Mud Sally would have liked to rescue him right then, but she couldn’t. The alcohol jar hung from the barn rafters on a long sticky rope, ten feet out of reach. Like I said, someone was holding him hostage. The one who did it was just as bizarre as Mud Sally and alot more sly. She was called Spinster. If Sally and Little Big Head didn’t look very normal, Spinster was worse yet. Her body was about the same size as a basketball. It was shaped like a big spider body and she had eight spider legs. But each one had a miniature human hand at the end and her head was a tiny withered old crone’s head too.

Spinster could make sticky threads like spiders do. She had used one to secure the alcohol jar, but it had taken an awful lot of trouble and pain. Her body wasn’t as good as it used to be, not since that terrible night when the ferocious Manx cat Demona had chased her right out of a school bell tower. She had broken every one of her legs when she hit the ground. If she had been a human, they would have healed better. That’s because human bones are protected and cushioned by all that meat. But spiders have their bones on the outside. Spinster’s legs were all deformed now, even worse than Sally’s were. Before the accident, she had fed herself by catching animals in her gluey net and sucking out their juice. But that took too much effort these days. That’s why she needed Mud Sally.

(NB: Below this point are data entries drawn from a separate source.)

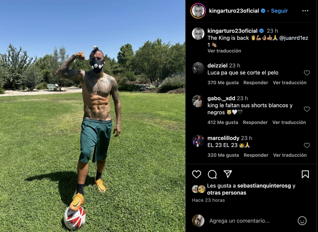 En medio de toda la incertidumbre, Arturo Vidal compartió una imagen en su cuenta personal de Instagram luego de un entrenamiento, acompañando la foto con el siguiente mensaje: “The King is back” (El Rey ha vuelto).
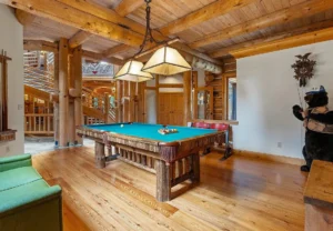 Additional interior spaces include a library, a game room, and a wine cellar, each contributing to the lodge’s sense of completeness and livability. Cozy nooks and well-crafted details throughout the home invite you to linger, unwind, and truly inhabit the space.
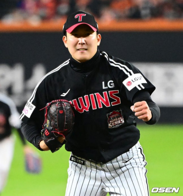 [OSEN=대전, 지형준 기자] 29일 대전시 중구 부사동 대전한화생명볼파크에서 2025 신한 SOL Bank KBO리그 포스트시즌 한국시리즈 3차전 한화 이글스와 LG 트윈스의 경기가 진행됐다.이날 경기에 한화는 폰세를, LG는 손주영을 선발투수로 내세웠다. 4회말 2사에서 LG 손주영이 한화 이진영을 삼진 처리하며 주먹을 움켜쥐고 있다. 2025.10.29 /[email protected]

The swamp bogey really had no choice. To keep her precious husband safe, she had to follow all of Spinster’s orders. Unlike Mud Sally, who could go weeks without a meal, Spinster had to feed every day. She always needed fresh fluid to keep alive and healthy. So the two of them made a bargain.

Each night, after all the people in Rockville had gone to bed, Sally would emerge from the creek and place Spinster into a heavy burlap sack. Then the two of them went out on the hunt. When Sally came across a bug or a mouse, she would trap it and toss it in the sack. It took quite a few of these little creatures to satisfy Spinster, but bigger animals were usually too hard to catch. Sometimes she was lucky enough to find a chained-up dog. These couldn’t run away, of course. Sally would seize hold of it and pin it flat on the ground, while Spinster crawled from the sack and sucked all the blood from its veins. If the dog howled very loud, the owner might come out to check. Then they would have him for food too.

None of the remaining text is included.